Jul 28, 2019 (publication date) through Nov 30, 2024

Times Cited of This Article

Times Cited (20)

Journal Information of This Article

Publication Name

World Journal of Gastroenterology

ISSN

1007-9327

Publisher of This Article

Baishideng Publishing Group Inc, 7041 Koll Center Parkway, Suite 160, Pleasanton, CA 94566, USA

Basic Study

World J Gastroenterol. Jul 28, 2019; 25(28): 3775-3786
Published online Jul 28, 2019. doi: 10.3748/wjg.v25.i28.3775

MiR-205 mediated APC regulation contributes to pancreatic cancer cell proliferation

Rui-Feng Qin, Jia Zhang, Hao-Ran Huo, Zeng-Jiang Yuan, Jia-Dong Xue

Rui-Feng Qin, Jia Zhang, Hao-Ran Huo, Zeng-Jiang Yuan, Jia-Dong Xue, Third Department of General Surgery, Handan Central Hospital, Handan 056000, Hebei Province, China

Author contributions: Qin RF designed the research; Qin RF, Zhang J, Huo HR, Yuan ZJ, and Xue JD performed the research; Qin RF and Zhang J analyzed the data; Qin RF wrote the paper.

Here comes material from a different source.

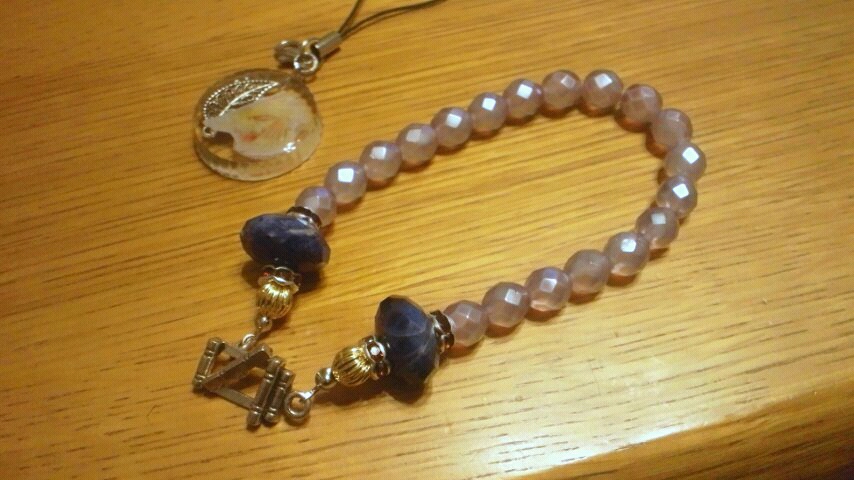 天然石+転写ビーズとデザインチェーンでシンプルに、とか。

Institutional review board statement: The study was reviewed and approved by the Handan Central Hospital Institutional Review Board.

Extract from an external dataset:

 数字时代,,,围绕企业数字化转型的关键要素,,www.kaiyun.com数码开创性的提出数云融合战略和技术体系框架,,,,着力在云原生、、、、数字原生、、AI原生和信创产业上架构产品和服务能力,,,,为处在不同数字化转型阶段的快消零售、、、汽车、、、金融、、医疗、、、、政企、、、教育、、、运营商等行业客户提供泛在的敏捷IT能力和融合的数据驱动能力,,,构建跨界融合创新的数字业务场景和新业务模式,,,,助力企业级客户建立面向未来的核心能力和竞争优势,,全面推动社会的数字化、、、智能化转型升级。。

Conflict-of-interest statement: The authors declare no conflict of interest.

Open-Access: This article is an open-access article which was selected by an in-house editor and fully peer-reviewed by external reviewers. It is distributed in accordance with the Creative Commons Attribution Non Commercial (CC BY-NC 4.0) license, which permits others to distribute, remix, adapt, build upon this work non-commercially, and license their derivative works on different terms, provided the original work is properly cited and the use is non-commercial. See: http://creativecommons.org/licenses/by-nc/4.0/

Corresponding author: Rui-Feng Qin, MSc, Associate Chief Physician, Third Department of General Surgery, Handan Central Hospital, No. 15, Zhonghua South Street, Handan 056000, Hebei Province, China. ruifengqin89@163.com

Telephone: +86-133-8300-0998 Fax: +86-310-2110011

Received: March 27, 2019
Peer-review started: March 27, 2019
First decision: May 16, 2019
Revised: June 7, 2019
Accepted: June 22, 2019
Article in press: June 23, 2019
Published online: July 28, 2019
Processing time: 123 Days and 9.5 Hours

ARTICLE HIGHLIGHTS

Research background

Pancreatic cancer is known as a deadly malignancy in the world, and a sufficient treatment for the disease has not been found yet. We aimed to explore the regulatory mechanisms of microRNAs (miRNAs) in pancreatic cancer.

Research motivation

As a group of non-coding RNAs, miRNAs were found to paly important roles in human disease. In this study, we aimed to explore the miRNAs involved in pancreatic cancer and potential regulatory mechanisms of miR-205, which may contribute to pancreatic cancer treatment.

Research objectives

MiRNA expression pattern in pancreatic cancer and potential regulatory mechanisms of miR-205 and adenomatous polyposis coli (APC) were analyzed. The findings may contribute to clinical care of pancreatic cancer.

Research methods

Microarray analysis was used to explore the genome-wide miRNA expression profile in pancreatic cancer. QRT-PCR and Western blot were performed to validate gene expression. Bioinformatics analysis was performed to predict target genes and their potential functions. Dual luciferase reporter assay was used to validate the binding of miR-205 and APC. Proliferation was evaluated by MTT and colony formation assays.

Research results

A large number of differentially expressed miRNAs were identified in pancreatic cancer. MiR-205 was significantly up-regulated while APC was down-regulated in pancreatic cancer. Dual luciferase reporter assay showed that APC is a validated target of miR-205. Moreover, miR-205 could promote cell proliferation in pancreatic cancer by targeting APC.

Research conclusions

This study, for the first time, revealed that miR-205 mediated APC regulation contributed to pancreatic cancer development. Microarray analysis was used to fully disclose the genome-wide miRNAs expression profile in pancreatic cancer. Proliferation experiment showed that miR-205 could promote cell proliferation in pancreatic cancer cells by targeting APC, which could be considered as novel prognostic biomarkers for future clinical care.

Research perspectives

The aberrantly expressed miRNAs identified in pancreatic cancer may provide valuable resources for future cancer research.